In honor of the U.S. Open, the store featured a collection of vintage tees from Opens past, including a graphic black and white one that a friend of mine bought from 1983, the year she was born. The owners, Bijan Shahvali and Frank Carson, will helpfully talk customers through why something is interesting, like a United Colors of Benetton shirt with a psychedelic flower print that, Mr. Shahvali said, was a design homage to (or, perhaps, stolen from) the rap group De La Soul.

5 Delancey Street

A destination for 2000s-era band T-shirts and mesh Jean Paul Gaultier dresses, but know you’re in for some competition. This is where the designer Virgil Abloh went shopping the day after the Met Gala.

70 Orchard Street

Megan McCormick, who was working at the store on a late summer afternoon, described the aesthetic as having “a ‘Dawson’s Creek’ baggy clothes vibe but with a sprinkle of really feminine gold.” She was a good advertisement, wearing Wallabees, vintage Levi’s and a hand-painted sweater. Two stacks of vintage music shirts included the Spin Doctors and Lollapalooza. The shoes — white Cynthia Rowley mules ($89), Freelance loafer boots ($160), Prada square-toe ballet flats with bead embellishment ($125) — are particularly good if you can find your size before they sell out.
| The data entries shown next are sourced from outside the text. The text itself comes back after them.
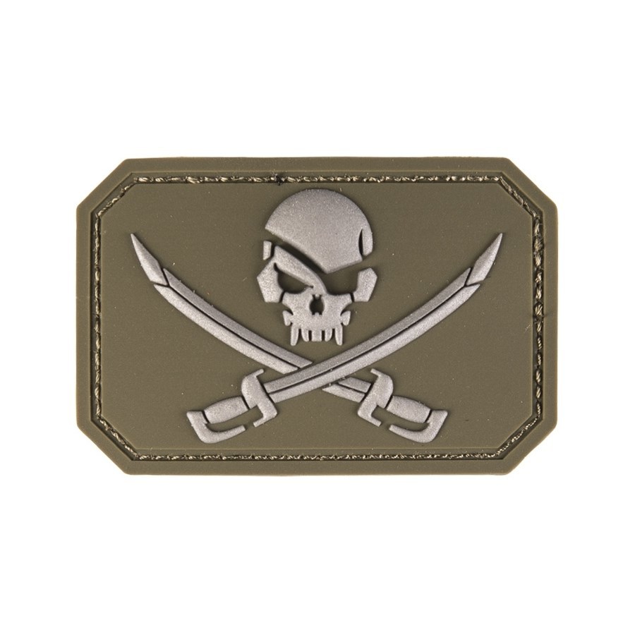 Nášivka se suchým zipem, vyrobená z kvalitního plastu. Pružná a odolná, snadná údržba. 3D provedení, lebka s páskou přes oko, pod ní zkřížené šavle. Pro oblečení (čepice, bundy, trika,..) a výstroj se suchým zipem.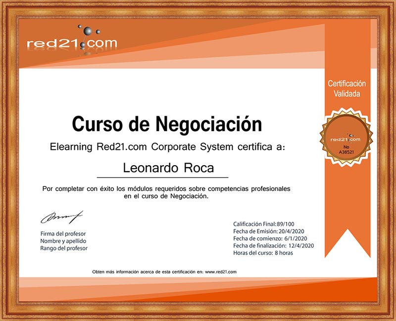 Al presentar, y aprobar la prueba final, recibirás un certificado de Aprobación del curso emitido por la Distance Learning Red21.com Corporate System reconocido por las principales empresas bajo la modalidad de enseñanza privada. A continuación un ejemplo de un certificado.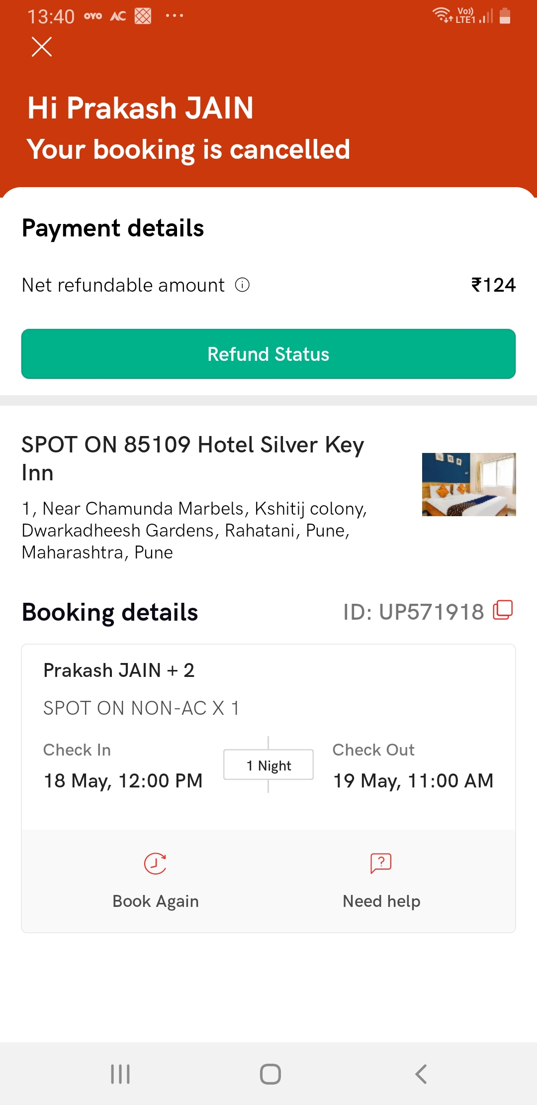 I have made this booking at OYO 85109 on 17th May. I was bit skeptical and called up the hotel to confirm about my booking and to my surprise the hotel person said he will not give me the room at the booked price and I need to pay Rs 1000/- if I want Room or should reach out to Oyo for resolution. I called up your contact centre and they paid balance amount of Rs 582/- as a voucher to the hotel directly to resolve this. I was under the impression that issue is resolved and reached to the hotel directly spending Rs. 356 for a cab on 18th May 2.30PM for checking in. Upon arrival The hotel person denied to give the room stating the pump has gone out of order and there is no water supply. He has also confirmed that they have informed you about the same but still Oyo is continuing with fresh booking. Once again I ended up calling your contact centre and was put on hold for 10 mins post which the call got disconnected from your end . I have requested them to help me getting room in another Oyo but there was no response except the auto mail acknowledging my complaint. In nut shell we were left on the road in scorching heat without any resolution. My family was so upset and forced me to book another hotel not through Oyo this time. I was left with no choice then to take room in another Oyo Flagship 78142( through booking.com) and paid Rs. 1264/- I hereby request you to refund the following amonut to me on priority 1. Advance paid Rs 124/- at the time of booking 2 cab charges to reach the hotel Rs 356 3. The differential amount I ended up paying to book room in another Oyo Hotel through booking.com Rs 762( 126 -) The worst part is that you cant reach out to customer care team responsible for refund as there is no option of selecting refund desk extension on their IVR when you dial 931393 . If you select fresh booking, they just tranfer the call internally & no one picks up hereafter even after waiting for 15 mins. Sharing the screenshot from my OyO app clearly stating a reund of Rs. 124/- against this booking. More than 45 days have passed and I am yet to get this amount back despite repeated assurance's from OYOs SM escalation team.

The store has a light and airy feel, without the kitsch that many vintage stores gravitate toward. Come for the graphic tees heavy on arts institutions (one, priced at $88, just reads “JAZZ”), or Ralph Lauren knitwear, but stay for the Italian tailoring. Slacks are popular, paired with either heels or the shop’s consistently great selection of loafers (Tom Ford-era Gucci, $325).

157 North Sixth Street

Even if square-toe mules and slinky hot pink Betsey Johnson dresses ($229) don’t seem like something you want to wear, a few minutes in this store will change your mind. “You can tell people are excited about showing up and being pretty and hot,” said Helena Magdalena, the 25-year-old saleswoman whose current favorite boots in the store are a tall, fitted black leather pair from Freelance with a chunky silver zipper running up the front.

223 Bedford Avenue

There’s a reason this jewel box of a shop has been a Williamsburg destination for nearly 20 years. The co-owners, Marco Liotta and Patti Bordoni, follow closely what designers are showing on the runways and make sure to stock accordingly.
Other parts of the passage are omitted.